Казалось, природа хотела недостатки первой вознаградить достоинствами другой. Несмотря на странности данного Луизе воспитания, которым желали удивить современников (в наш век нет уже ничего удивительного), ибо с преподаванием языков шведского, французского и даже латинского учили ее не только стряпать, но и жать рожь; несмотря на то, что с малолетства ее заставляли твердить ролю богатой наследницы, она оттолкнула от себя все обольщения самолюбия. Кротостью и смирением ангельским, всегдашнею готовностью помогать несчастным, приветливым обхождением с низшими она часто заставляла подвластных баронессе забывать всю тяжесть ее господства. Как гостеприимная пальма в степи, она заслонила собою жгущие лучи гордого светила.

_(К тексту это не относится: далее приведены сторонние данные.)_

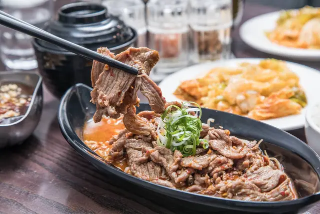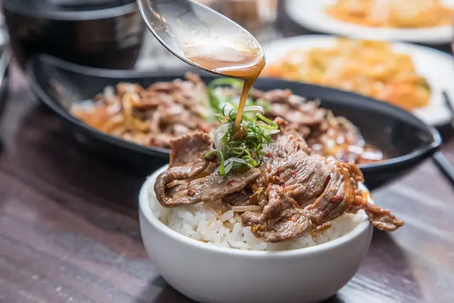 嫩牛銷魂飯御膳隨餐附贈例湯、甜品、小菜,加上嫩牛銷魂飯,份量十足,加上平日買一送一的優惠,CP值高到破錶!嫩牛銷魂飯是以牛里肌為基底,再以道地又夠味的四川調料烹調而成,一上桌即可聞到噴香的麻辣香氣,飯上還擺上一顆半熟蛋呢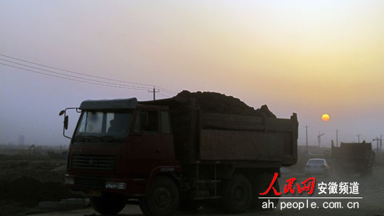 夕阳西下,苏滁现代产业园工地上依然车来车往,尘土飞扬。(杨坤 摄)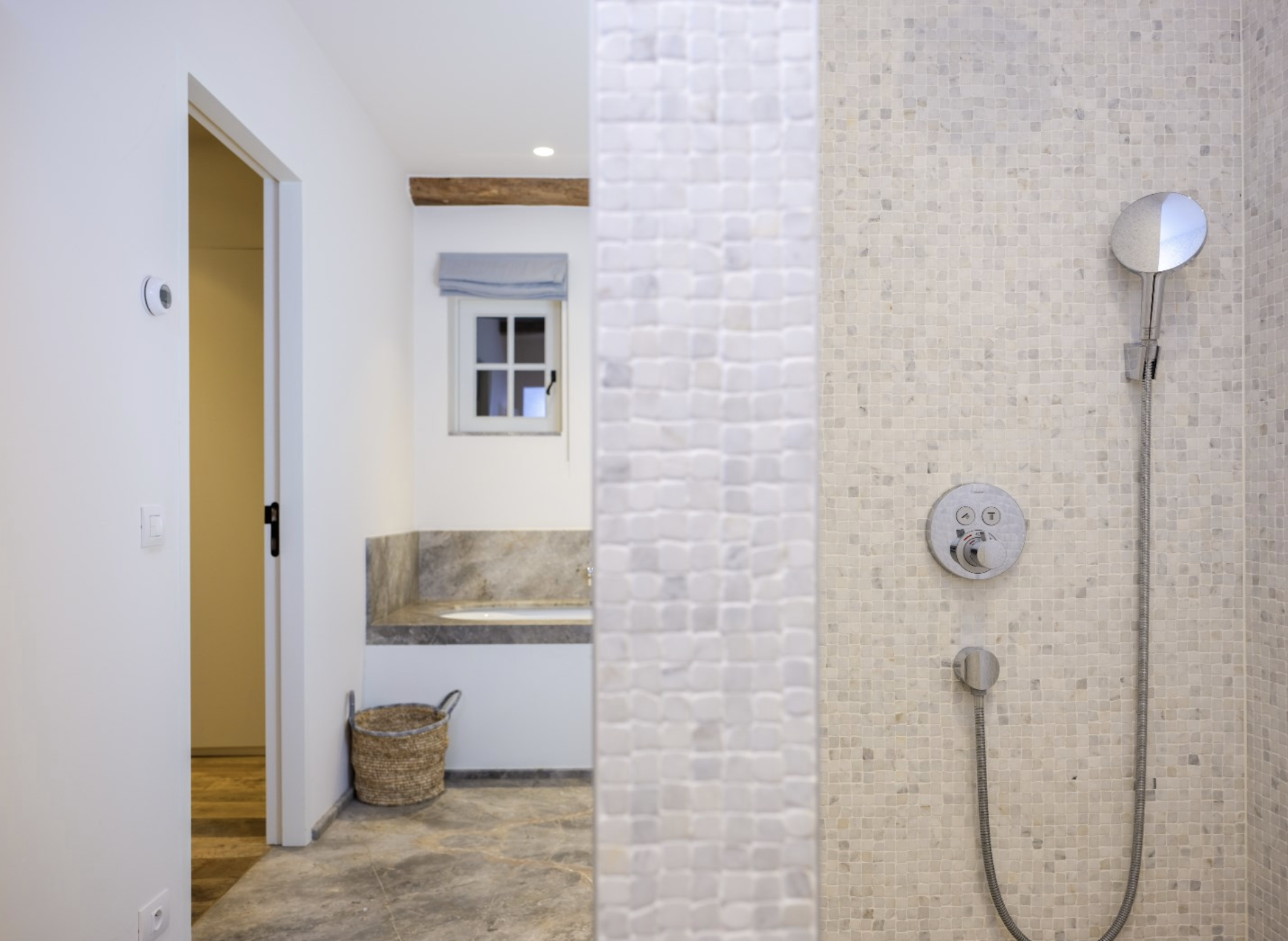 Aansluitend aan het zwembad bevindt zich een discrete en stijlvol uitgevoerde doucheruimte, afgewerkt in lichte tegels met een strakke inloopdouche en moderne regendouchekop. Daarnaast is er een eigen toiletruimte aanwezig, zodat gasten of bewoners in volledige rust en zonder de ruimte te verlaten gebruik kunnen maken van alle sanitaire voorzieningen.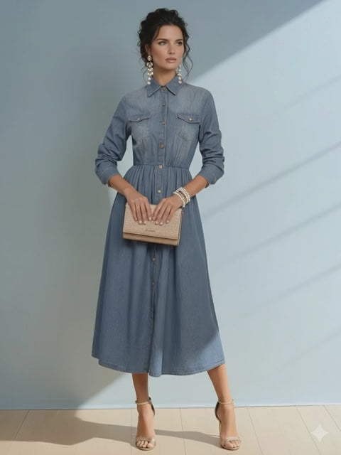 Rochie jeans cu buzunare la piept și curea, mânecă lungă albastru jeans este o piesă versatilă, perfectă pentru un look casual modern, cu influențe utilitare. Designul cu nasturi pe partea frontală oferă un aer lejer și permite ajustarea decolteului în funcție de preferință.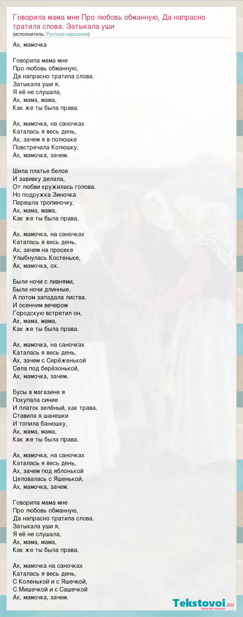 Ах, мамочка Говорила мама мне Про любовь обманную, Да напрасно тратила слова. Затыкала уши я, Я её не слушала, Ах, мама, мама, Как же ты была права. Ах, мамочка, на саночках Каталась я весь день, Ах, зачем я в полюшке Повстречала Колюшку, Ах, мамочка, зачем. Шила платье белое И завивку делала, От любви кружилась голова. Hо подружка Зиночка Перешла тропиночку, Ах, мама, мама, Как же ты была права. Ах, мамочка, на саночках Каталась я весь день, Ах, зачем на просеке Улыбнулась Костеньке, Ах, мамочка, ох. Были ночи с ливнями, Были ночи длинные, А потом западала листва. И осенним вечером Городскую встретил он, Ах, мама, мама, Как же ты была права. Ах, мамочка, на саночках Каталась я весь день, Ах, зачем с Серёженькой Села под берёзонькой, Ах, мамочка, зачем. Бусы в магазине я Покупала синие И платок зелёный, как трава. Ставила я шанешки И топила банюшку, Ах, мама, мама, Как же ты была права. Ах, мамочка, на саночках Каталась я весь день, Ах, зачем под яблонькой Целовалась с Яшенькой, Ах, мамочка, зачем. Говорила мама мне Про любовь обманную, Да напрасно тратила слова. Затыкала уши я, Я её не слушала, Ах, мама, мама, Как же ты была права. Ах, мамочка на саночках Каталась я весь день, С Коленькой и с Яшечкой, С Мишечкой и с Сашечкой Ах, мамочка, зачем.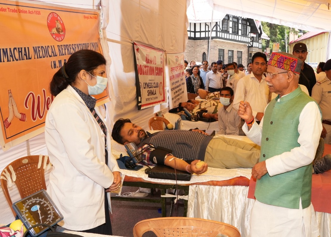 शिमला : हिमाचल प्रदेश राज्य रेडक्रॉस अस्पताल कल्याण शाखा ने विश्व रक्तदान दिवस के अवसर पर आज शिमला के ऐतिहासिक रिज मैदान में स्वैच्छिक रक्तदान शिविर का आयोजन किया। शिविर का शुभारम्भ राज्यपाल श्री शिव प्रताप शुक्ल ने किया। वह राज्य रेडक्रॉस के अध्यक्ष भी हैं।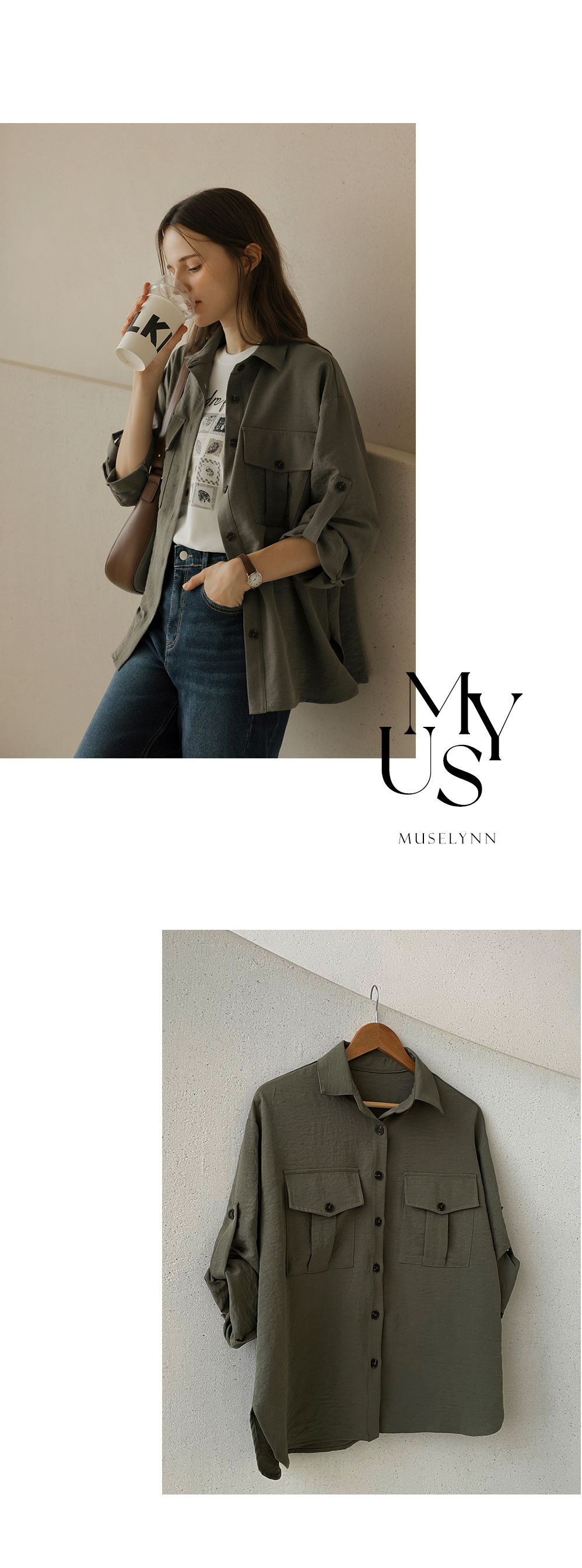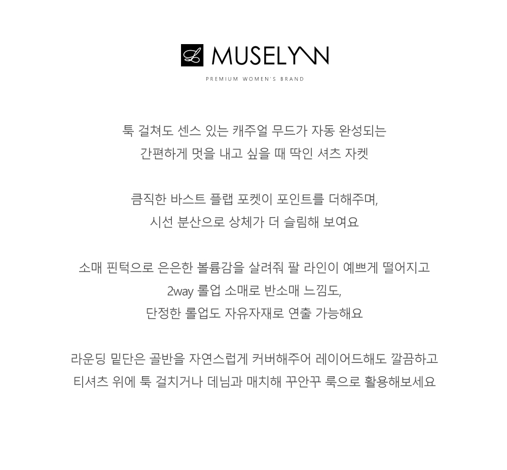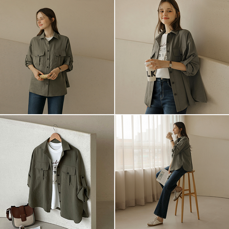 [뮤즈린] [롤업] 카이 포켓 데일리 셔츠 자켓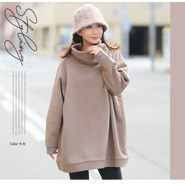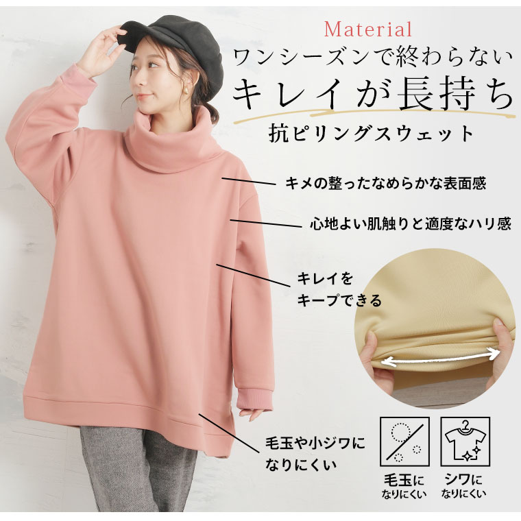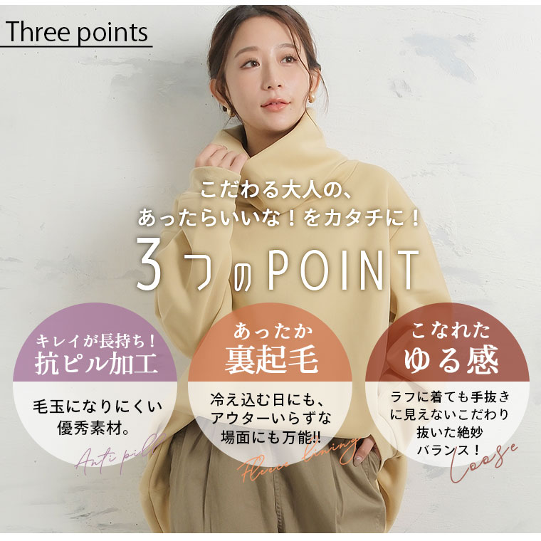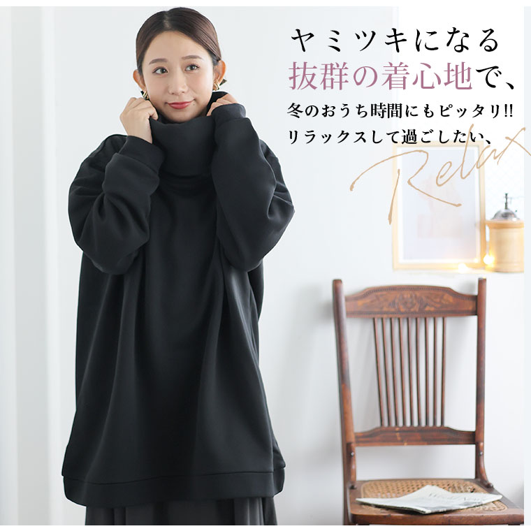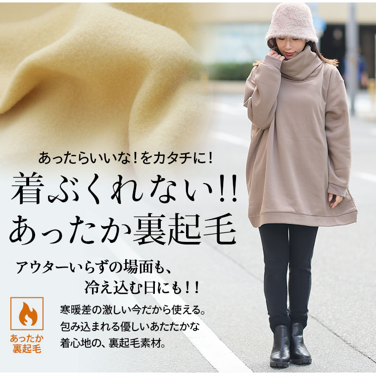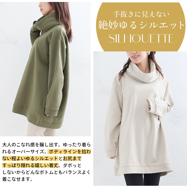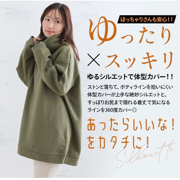包み込まれる優しいあたたかな着心地の、裏起毛素材。ゆるシルエットで体型カバー!

Любовью ко всему доброму и высокому напитана была душа ее. Характер ее был создан, чтобы составлять счастье других; но в нем же заметна была степень чувствительности, опасная для нее самой. Доселе трогали ее одни бедствия ближних, которым она и поспешала на помощь без всяких вычислений ума. Надо было ожидать, что Луиза, с сердцем, приготовленным для нежных впечатлений, узнав другую любовь, кроме сострадания к ближним, предастся этому чувству, как простодушное дитя, и увлечется им с тем постоянством и силою страсти, которые отличают ее пол и выбирают из него своих несчастных жертв чаще, нежели из другой половины рода человеческого.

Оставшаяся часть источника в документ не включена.